EXERCISE AIM: Repeat the records. Leave nothing out.

Source records:
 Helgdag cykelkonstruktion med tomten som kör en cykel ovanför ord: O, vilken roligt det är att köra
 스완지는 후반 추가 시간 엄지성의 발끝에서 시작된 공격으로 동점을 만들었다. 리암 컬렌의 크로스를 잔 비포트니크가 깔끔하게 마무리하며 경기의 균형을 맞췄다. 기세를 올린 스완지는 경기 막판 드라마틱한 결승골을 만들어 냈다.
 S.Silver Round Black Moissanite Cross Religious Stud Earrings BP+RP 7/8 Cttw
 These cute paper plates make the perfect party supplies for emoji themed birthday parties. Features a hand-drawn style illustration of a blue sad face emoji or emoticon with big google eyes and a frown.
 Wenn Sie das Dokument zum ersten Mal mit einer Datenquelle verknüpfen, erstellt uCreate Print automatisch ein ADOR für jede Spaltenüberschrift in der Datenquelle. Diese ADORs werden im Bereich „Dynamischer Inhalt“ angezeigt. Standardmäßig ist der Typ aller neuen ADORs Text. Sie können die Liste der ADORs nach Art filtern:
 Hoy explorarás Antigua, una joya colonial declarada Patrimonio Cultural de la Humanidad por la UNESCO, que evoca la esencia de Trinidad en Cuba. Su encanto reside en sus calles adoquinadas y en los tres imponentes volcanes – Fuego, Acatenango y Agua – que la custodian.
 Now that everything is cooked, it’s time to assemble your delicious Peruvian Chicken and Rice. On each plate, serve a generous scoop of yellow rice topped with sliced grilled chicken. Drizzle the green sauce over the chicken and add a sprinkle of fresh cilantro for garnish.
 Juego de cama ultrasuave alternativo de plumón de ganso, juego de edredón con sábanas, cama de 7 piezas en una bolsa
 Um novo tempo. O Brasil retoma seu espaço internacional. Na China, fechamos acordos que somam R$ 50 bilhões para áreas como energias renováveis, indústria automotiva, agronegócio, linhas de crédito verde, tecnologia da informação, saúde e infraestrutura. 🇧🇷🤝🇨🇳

RESPONSE:
 Helgdag cykelkonstruktion med tomten som kör en cykel ovanför ord: O, vilken roligt det är att köra
 스완지는 후반 추가 시간 엄지성의 발끝에서 시작된 공격으로 동점을 만들었다. 리암 컬렌의 크로스를 잔 비포트니크가 깔끔하게 마무리하며 경기의 균형을 맞췄다. 기세를 올린 스완지는 경기 막판 드라마틱한 결승골을 만들어 냈다.
 S.Silver Round Black Moissanite Cross Religious Stud Earrings BP+RP 7/8 Cttw
 These cute paper plates make the perfect party supplies for emoji themed birthday parties. Features a hand-drawn style illustration of a blue sad face emoji or emoticon with big google eyes and a frown.
 Wenn Sie das Dokument zum ersten Mal mit einer Datenquelle verknüpfen, erstellt uCreate Print automatisch ein ADOR für jede Spaltenüberschrift in der Datenquelle. Diese ADORs werden im Bereich „Dynamischer Inhalt“ angezeigt. Standardmäßig ist der Typ aller neuen ADORs Text. Sie können die Liste der ADORs nach Art filtern:
 Hoy explorarás Antigua, una joya colonial declarada Patrimonio Cultural de la Humanidad por la UNESCO, que evoca la esencia de Trinidad en Cuba. Su encanto reside en sus calles adoquinadas y en los tres imponentes volcanes – Fuego, Acatenango y Agua – que la custodian.
 Now that everything is cooked, it’s time to assemble your delicious Peruvian Chicken and Rice. On each plate, serve a generous scoop of yellow rice topped with sliced grilled chicken. Drizzle the green sauce over the chicken and add a sprinkle of fresh cilantro for garnish.
 Juego de cama ultrasuave alternativo de plumón de ganso, juego de edredón con sábanas, cama de 7 piezas en una bolsa
 Um novo tempo. O Brasil retoma seu espaço internacional. Na China, fechamos acordos que somam R$ 50 bilhões para áreas como energias renováveis, indústria automotiva, agronegócio, linhas de crédito verde, tecnologia da informação, saúde e infraestrutura. 🇧🇷🤝🇨🇳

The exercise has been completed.